Does the NMME Capture a Recent Decadal Shift toward Increasing Drought Occurrence in the Southwestern United States?

Abstract

Abstract A global-scale decadal climate shift, beginning in 1998/99 and enduring through 2013, has been documented in recent studies, with associated precipitation shifts in key regions throughout the world. These precipitation shifts are most easily detected during March–May when ENSO effects are weak. Analyses have linked this climate shift to a shift in the Pacific decadal variability (PDV) pattern to its negative phase. Here the authors evaluate the predictive skill of the North American Multimodel Ensemble (NMME), and the CFSv2 model alone, in maintaining the observed precipitation shifts in seasonal forecasts, emphasizing the southwestern United States where deficient precipitation has tended to prevail since the late 1990s. The NMME hindcasts out to 6 months lead are found to maintain the observed decadal precipitation shifts in key locations qualitatively correctly, but with increasingly underestimated amplitude with increasing lead time. This finding holds in the separate CFSv2 model hindcasts. The decadal precipitation shift is relatively well reproduced in the southwestern United States.
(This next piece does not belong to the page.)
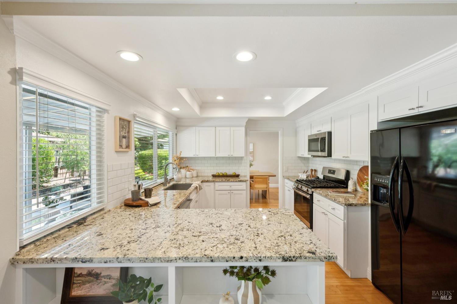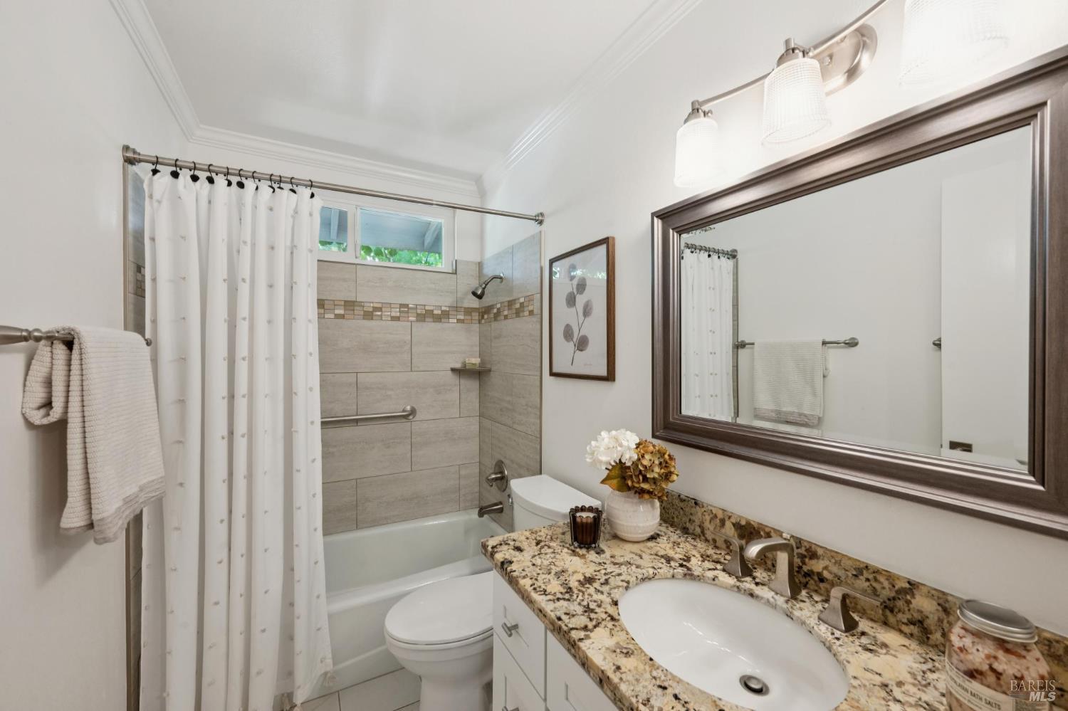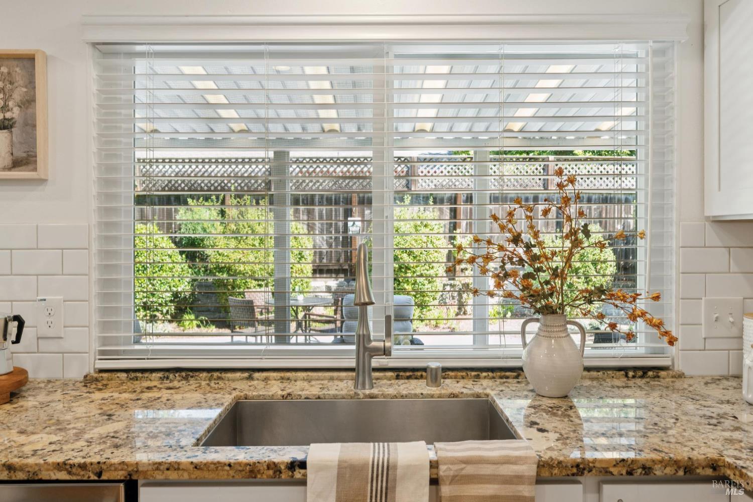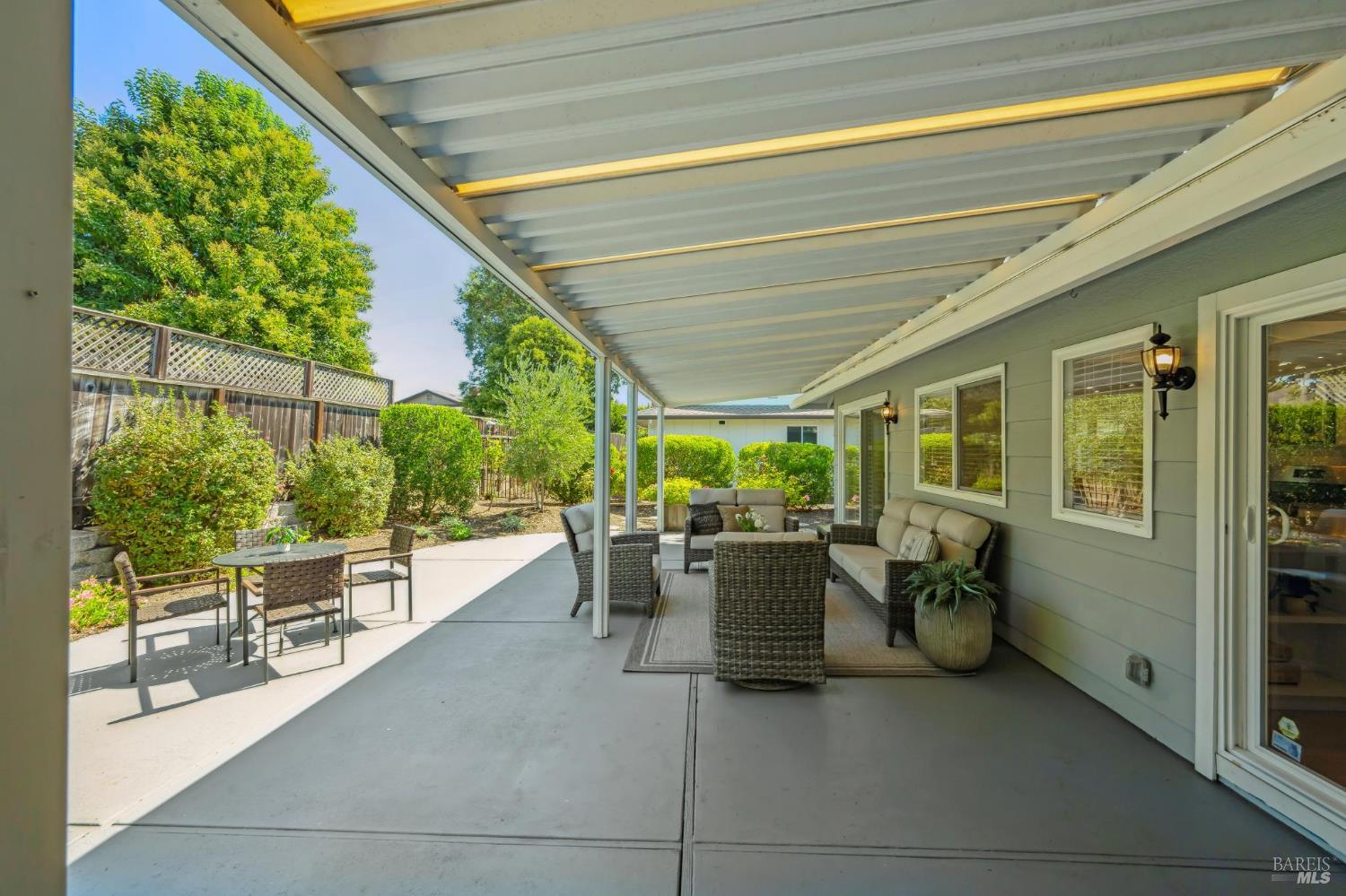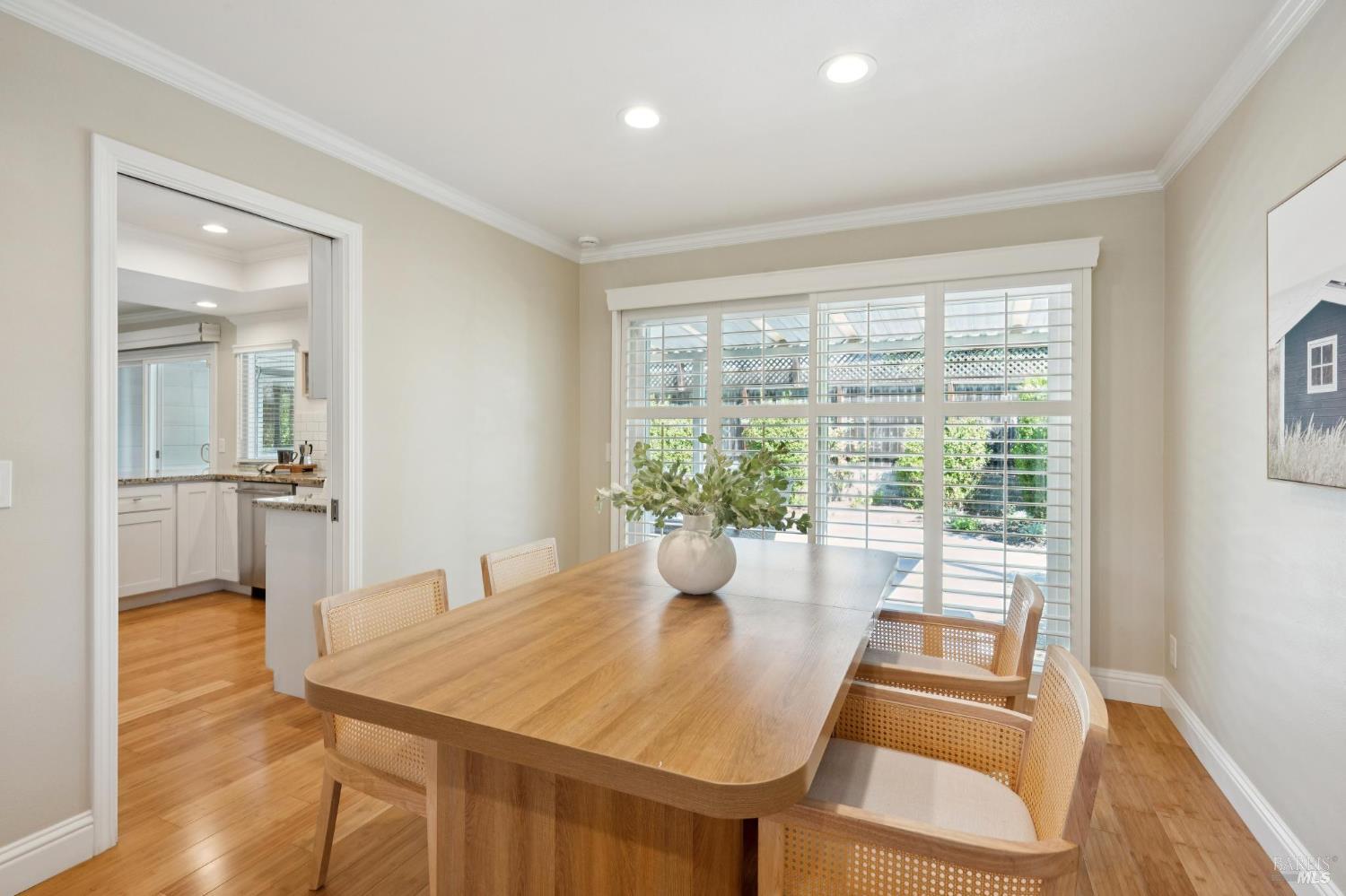 Pristine home with classic beauty and thoughtful updates throughout. This 2-bedroom, 2-bath residence with an additional den features gleaming bamboo flooring and abundant natural light. The spacious living room offers crown molding, plantation shutters, a gas fireplace with timeless surround, and built-in bookcases for charm and function. The bright kitchen includes granite countertops and white cabinetry, opening to a cozy den or dining area. Updated baths feature a tub/shower combo in one and dual sinks with a walk-in shower in the primary suite. Additional upgrades include a new electrical panel and a whole-house generator. Lovely gardens surround the expansive back patio, where a covered outdoor seating area provides year-round living space, perfect for entertaining friends and family. Nestled in Oakmont, a 55+ community in Sonoma County offering golf courses, clubhouses, swimming pools, and scenic trails. Enjoy the wide, quiet street and surrounding hills in this move-in ready home!

The general underestimation of the precipitation shift is suggested to be related to a muted reproduction of the observed shift in Pacific sea surface temperature (SST). This conclusion is supported by runs from a different (but overlapping) set of atmospheric models, which when forced with observed SST reproduce the decadal shifts quite well. Overall, the capability of the NMME model hindcasts to reflect the observed decadal rainfall pattern shift, but with weakened amplitude (especially at longer leads), underscores the broader challenge of retaining decadal signals in predictions of droughts and pluvials at seasonal-to-interannual time scales.